┌────────

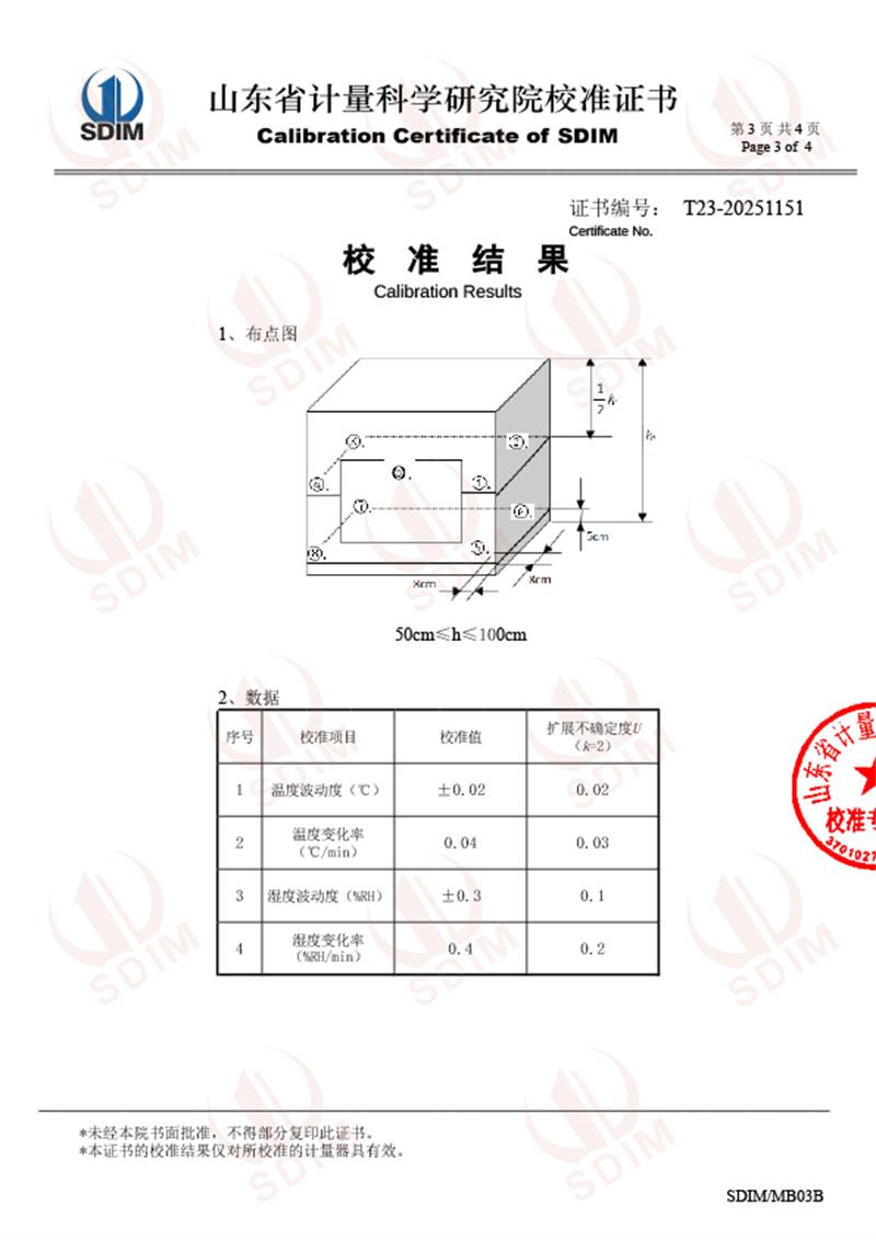 溫濕度檢定箱(-5-65℃)校準(zhǔn)證書 2025-6-13 本文被閱讀 4307 次
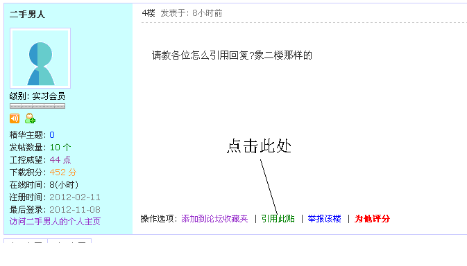 引用引用第4樓二手男人于2012-11-08 11:54發(fā)表的 :請(qǐng)教各位怎么引用回復(fù)?象二樓那樣的
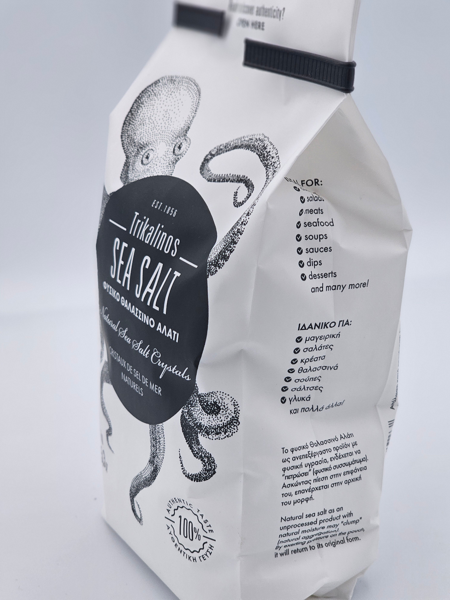 The Trikalinos Natural Sea Salt is harvested from the traditional salt pans of the Aetoliko–Messolonghi lagoon, using natural, unrefined methods.
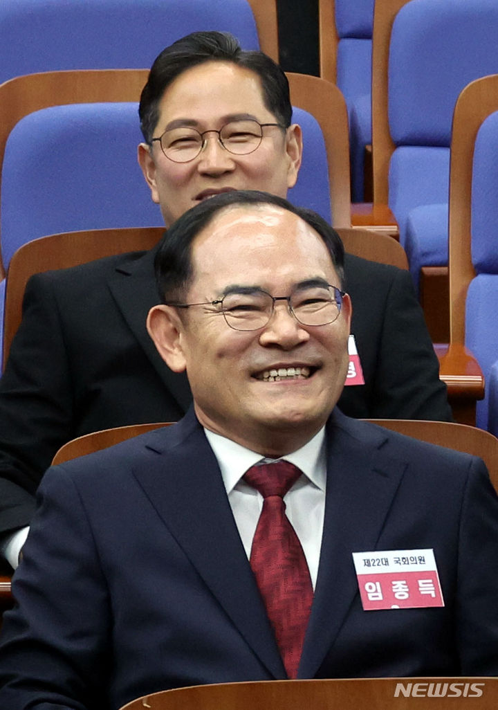 [서울=뉴시스] 조성봉 기자= 16일 오전 서울 여의도 국회에서 열린 제22대 국회 국민의힘·국민의미래 당선자총회에서 임종득 당선인이 밝은 표정을 짓고 있다. 2024.04.16. [email protected]
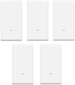 Ubiquiti Networks UAP-AC-M-Pro-5, 5-Pack of UniFi AP, AC Mesh for use Outdoor (PoE adapters Not Included). Simultaneous 802.11a b g n ac Dual Band 3x3 Mimo technology. 450Mbps in 2.4Ghz and 1300 Mbps in 5Ghz. Range 183m. Weather resistant enclosure. Can be mounted on a wall or pole (All mounting accessoies included. UniFi AC Mesh AP is compatible with 802.3af PoE. You can power it with any 802.3af compatible switch, UniFi PoE Switch, 48V, 0.5A Gigabit PoE adapter. Use the included 3 internal 8dBi antenas Max TX power 22 dBm, Dimension 343 x 181 x 60.2 mm. Use the UniFi Controller software to manage your whole UniFi Network.
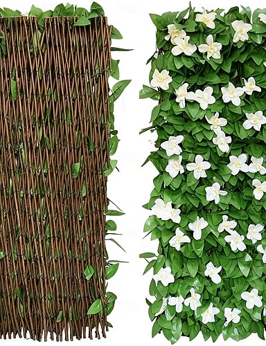Rozšiřitelný umělý plot z břečťanu a orchidejí s realistickými zelenými listy, odolný dřevoplastový materiál, bezúdržbová venkovní zahradní dekorace, ideální na terasu, balkon, dvůr
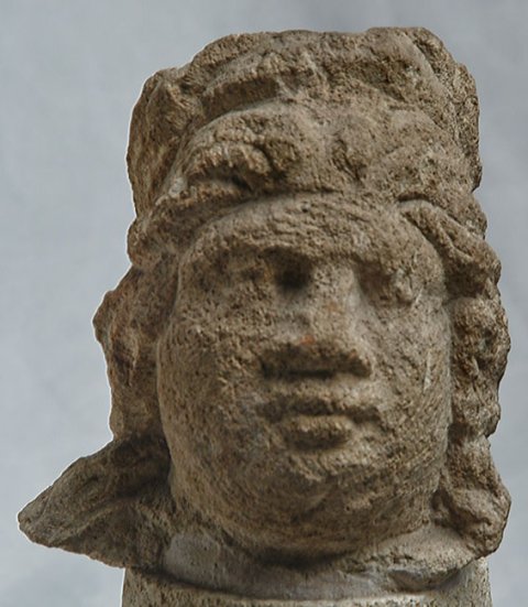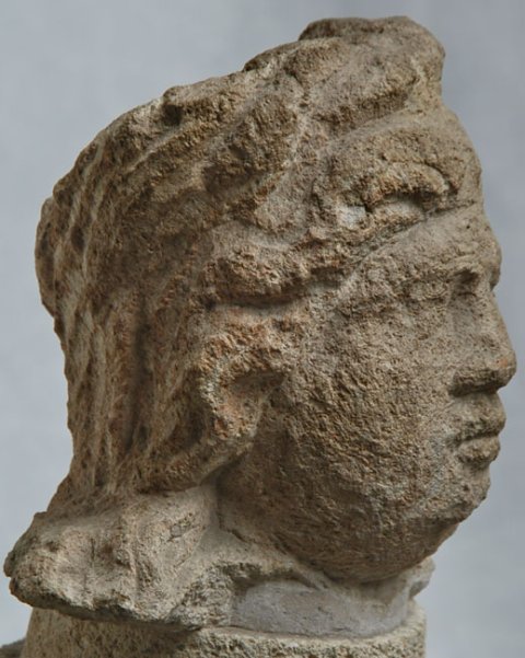 - Mythische Figur ? Kopf mit offenem Haar und Kranz. Mänade ? Satyr ?

└────────

Output only the lines from the start of the data through the line that holds "[서울=뉴시스] 조성봉 기자= 16일". Keep them exact and leave the pictures out.

§ SOLUTION TO THE EXERCISE
 溫濕度檢定箱(-5-65℃)校準(zhǔn)證書 2025-6-13 本文被閱讀 4307 次
 引用引用第4樓二手男人于2012-11-08 11:54發(fā)表的 :請(qǐng)教各位怎么引用回復(fù)?象二樓那樣的
 The Trikalinos Natural Sea Salt is harvested from the traditional salt pans of the Aetoliko–Messolonghi lagoon, using natural, unrefined methods.
 [서울=뉴시스] 조성봉 기자= 16일 오전 서울 여의도 국회에서 열린 제22대 국회 국민의힘·국민의미래 당선자총회에서 임종득 당선인이 밝은 표정을 짓고 있다. 2024.04.16. [email protected]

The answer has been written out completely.